Records for the task:
########
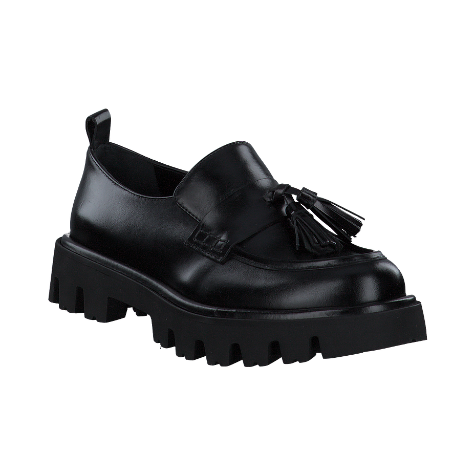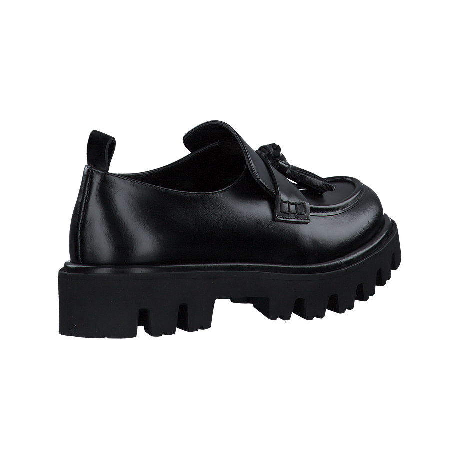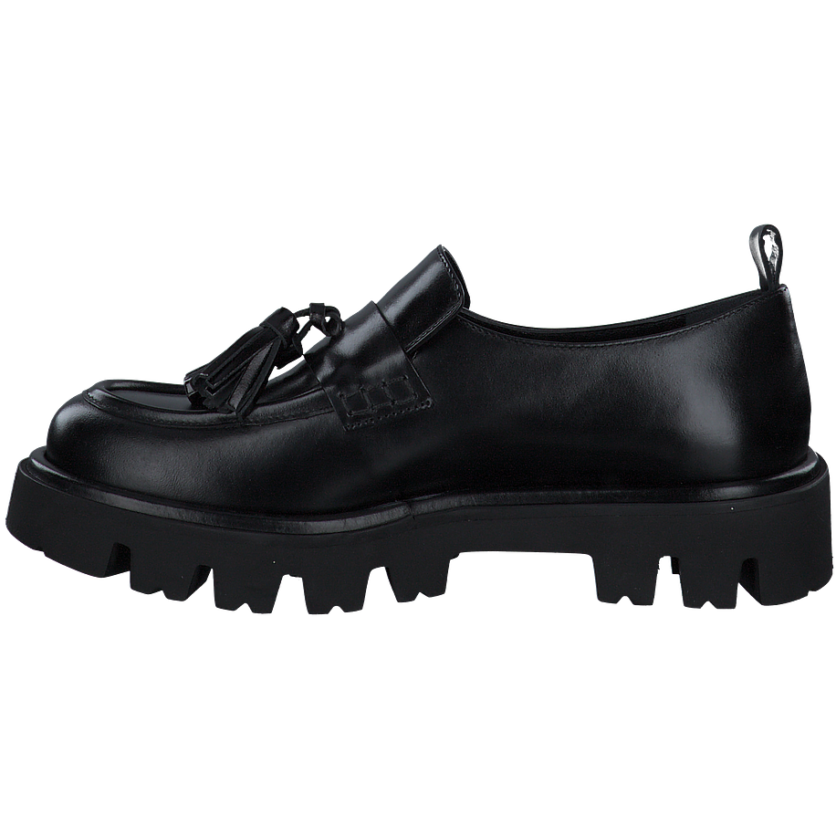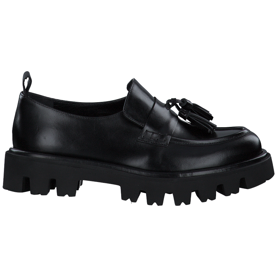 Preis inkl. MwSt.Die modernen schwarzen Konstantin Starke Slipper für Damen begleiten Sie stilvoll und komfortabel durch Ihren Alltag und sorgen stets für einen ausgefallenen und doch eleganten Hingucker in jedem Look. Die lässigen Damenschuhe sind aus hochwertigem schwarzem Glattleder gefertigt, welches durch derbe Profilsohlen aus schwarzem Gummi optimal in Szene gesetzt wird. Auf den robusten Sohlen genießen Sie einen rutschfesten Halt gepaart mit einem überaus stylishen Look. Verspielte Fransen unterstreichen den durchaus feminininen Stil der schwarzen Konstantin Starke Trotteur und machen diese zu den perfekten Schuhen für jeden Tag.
########
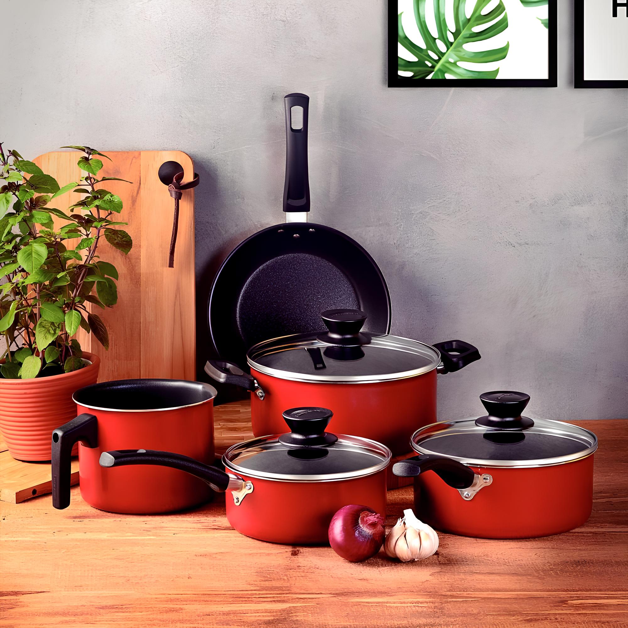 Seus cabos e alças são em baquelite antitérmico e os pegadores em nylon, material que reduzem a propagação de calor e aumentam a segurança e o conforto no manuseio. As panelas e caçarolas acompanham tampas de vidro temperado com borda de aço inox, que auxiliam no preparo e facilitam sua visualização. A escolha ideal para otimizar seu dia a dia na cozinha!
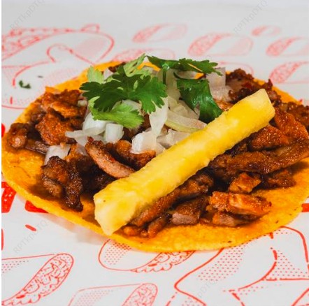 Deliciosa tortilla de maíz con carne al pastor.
########
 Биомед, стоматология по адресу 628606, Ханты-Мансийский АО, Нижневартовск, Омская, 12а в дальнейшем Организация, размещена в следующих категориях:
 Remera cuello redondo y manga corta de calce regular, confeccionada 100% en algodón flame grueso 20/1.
########
Your instructions: Every line above in the stretch from the one with "Seus cabos e" through the one with "Deliciosa tortilla de" is to be transcribed exactly, ends included. No picture is copied.

Expected answer:
 Seus cabos e alças são em baquelite antitérmico e os pegadores em nylon, material que reduzem a propagação de calor e aumentam a segurança e o conforto no manuseio. As panelas e caçarolas acompanham tampas de vidro temperado com borda de aço inox, que auxiliam no preparo e facilitam sua visualização. A escolha ideal para otimizar seu dia a dia na cozinha!
 Deliciosa tortilla de maíz con carne al pastor.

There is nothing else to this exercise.